There is stress as long as the last puppy that's for sale hasn't sold, and the stress gets worse as the puppy gets older and less cute.  As potential homes fall through or fail to materialize, the stress level tops out at, I don't know, about a 5 or 6?  Nobody's dying, nobody's in pain, Cavaliers are small and don't cost all that much to feed; now and then somebody is looking for an older puppy, so you'll sell that little guy eventually.  And above all, you just had four or so puppies, not eight or twelve, so they're not too insane to take care of.  Though housebreaking three or more puppies at a time is hard because you can only carry one puppy in each hand.  But maybe the puppy that doesn't sell will suddenly trot across the yard, you'll glance his way, and WOW he is a LOOKER!  Then, even if you didn't plan to keep a boy, maybe you'll decide he doesn't need a new home anyway, at least not until you see how he grows up.

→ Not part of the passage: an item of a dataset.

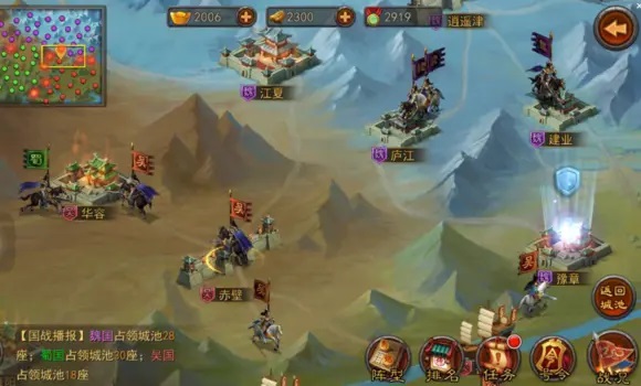成功地将策略性定为国战玩法的重要标准。玩家可以兵分三路,不断突进攻城,也可以用外交手段联合盟友,左右夹击强敌,方面玩家在指尖上随时随地畅享国战乐趣!

Even so, there is some stress as long as puppies that are for sale haven't sold.  You have incurred pretty serious expenses breeding this litter, and it would be nice to clear the expenses.  Good luck with that!  I'm still in the red, personally.

 

Why breed a litter if it's so stressful?

1.  To contribute to the general improvement of the breed.  No, really.  I can't help it if that sounds corny.

2.  To create beautiful dogs for you and others to love as pets and show off in the ring.

3.  Because it's a tremendous lift when a puppy buyer calls you three weeks after buying a puppy and tells you how great the puppy is and how the whole family loves him and they're so glad they bought him and he's just lovely and everyone admires him.  Or when you get a Christmas card a year after you sell the puppy and the buyers rave like that.  No one holds this out as a reason to breed, and I didn't expect it, but it's a great feeling, believe me.  Thank you for telling me you love your puppy!  It means a lot!

4.  Because when I look at my Adora, I sometimes find myself thinking, I created this dog.  Without me, she wouldn't exist.  The world is just objectively a better place because Dora exists, and I created her. 

It is hard to describe the feeling this realization gives me.  Proud and possessive and smug and maternal and humble all at once.  I know that some of those feelings seem like they should be mutually exclusive.  I can't help that.

This feeling is an even less expected and even more powerful lift than hearing great things from puppy buyers.

I don't know why other people breed their dogs.  But that's why I breed mine.